» EXERCISE DATA:
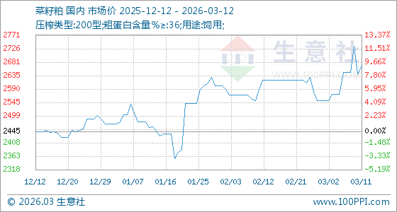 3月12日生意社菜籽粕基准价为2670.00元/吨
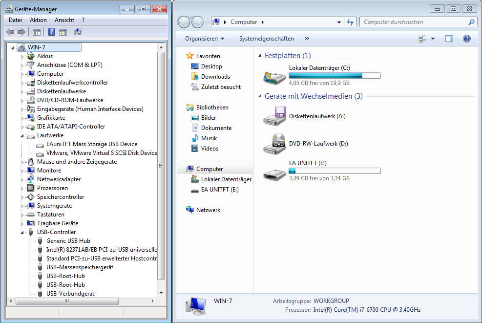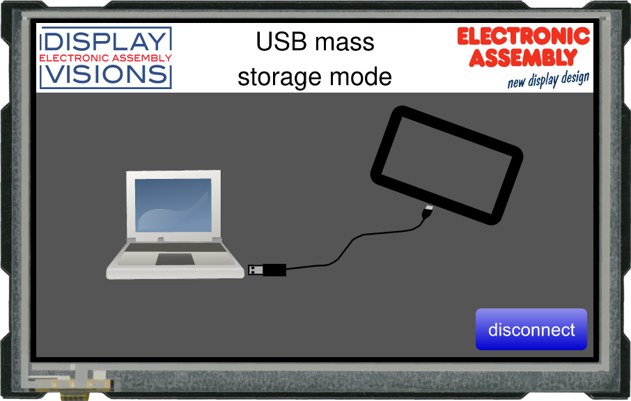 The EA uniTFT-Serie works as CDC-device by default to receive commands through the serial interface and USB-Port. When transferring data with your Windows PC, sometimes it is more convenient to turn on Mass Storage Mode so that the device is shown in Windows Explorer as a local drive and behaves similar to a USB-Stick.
--
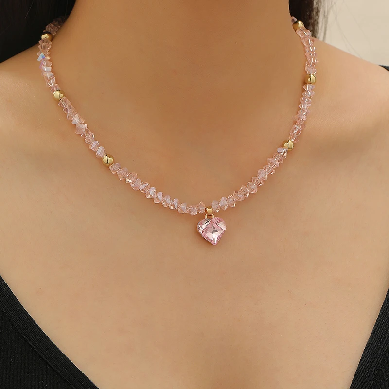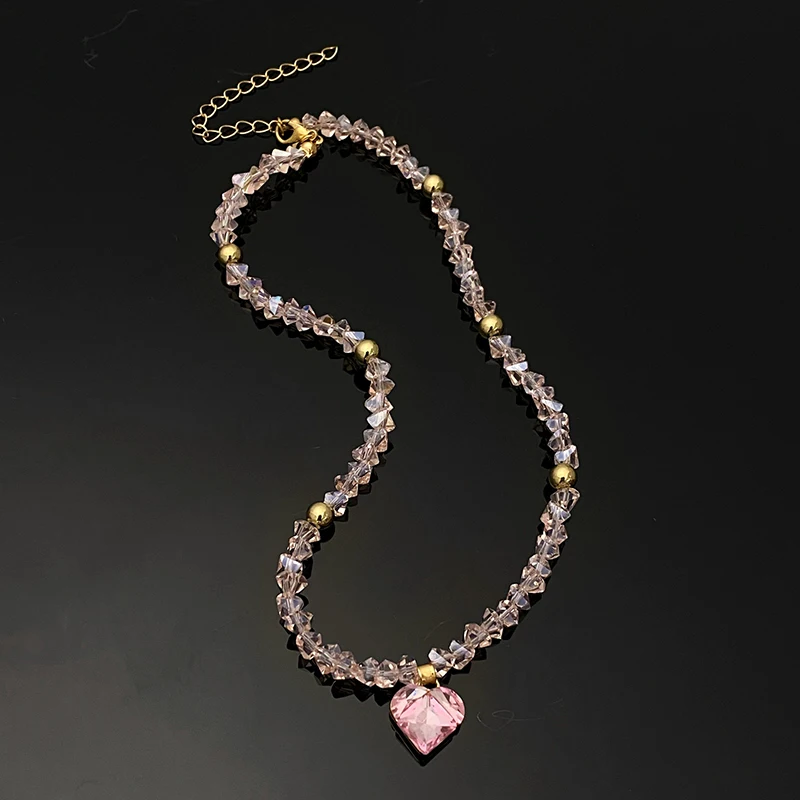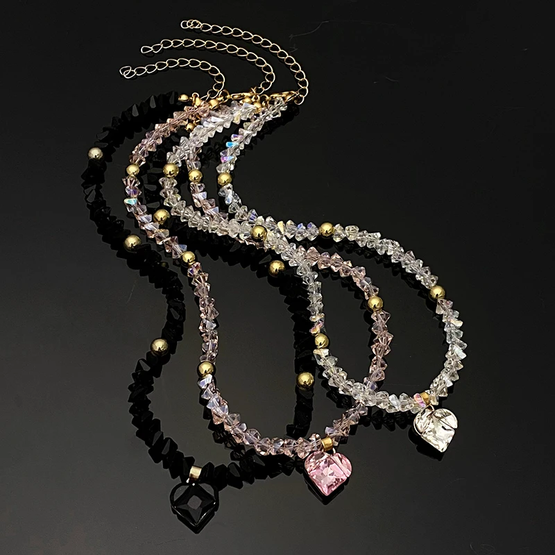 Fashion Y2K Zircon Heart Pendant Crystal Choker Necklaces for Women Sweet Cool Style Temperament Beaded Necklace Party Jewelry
--
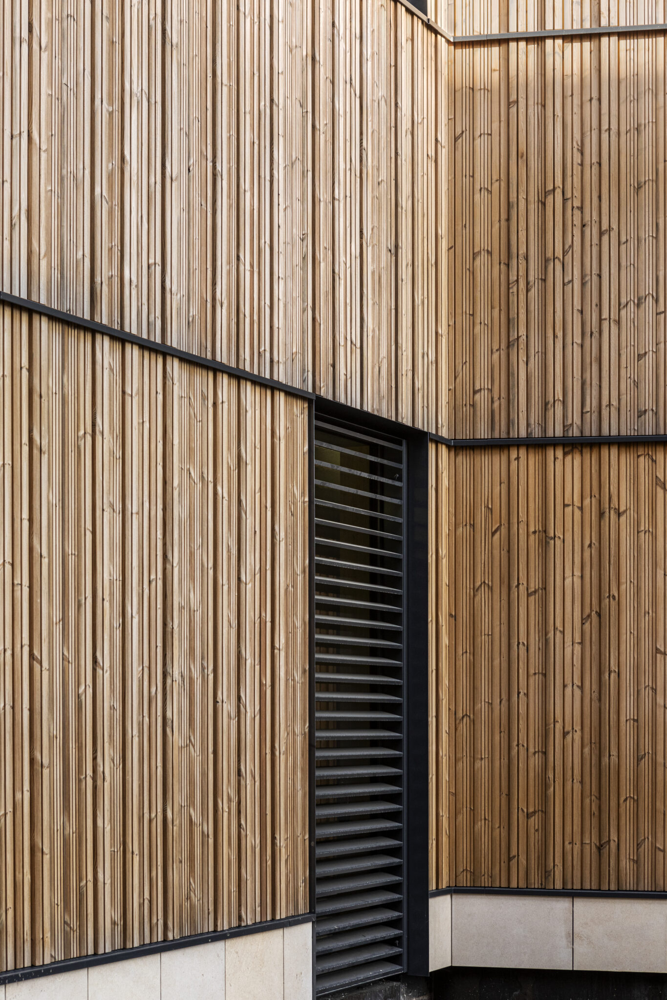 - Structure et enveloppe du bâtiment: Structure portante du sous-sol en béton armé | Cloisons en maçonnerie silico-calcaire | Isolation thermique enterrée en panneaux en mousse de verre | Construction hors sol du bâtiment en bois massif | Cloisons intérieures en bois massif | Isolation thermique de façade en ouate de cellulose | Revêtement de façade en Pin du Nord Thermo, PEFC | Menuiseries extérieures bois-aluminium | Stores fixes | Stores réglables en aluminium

» YOUR ASSIGNMENT:
Print everything from the line with "3月12日生意社菜籽粕基准价为2670.00元/吨" down to the line with "The EA uniTFT-Serie" in the entries above, both lines included and nothing more, without the pictures.

» RESPONSE BOX:
 3月12日生意社菜籽粕基准价为2670.00元/吨
 The EA uniTFT-Serie works as CDC-device by default to receive commands through the serial interface and USB-Port. When transferring data with your Windows PC, sometimes it is more convenient to turn on Mass Storage Mode so that the device is shown in Windows Explorer as a local drive and behaves similar to a USB-Stick.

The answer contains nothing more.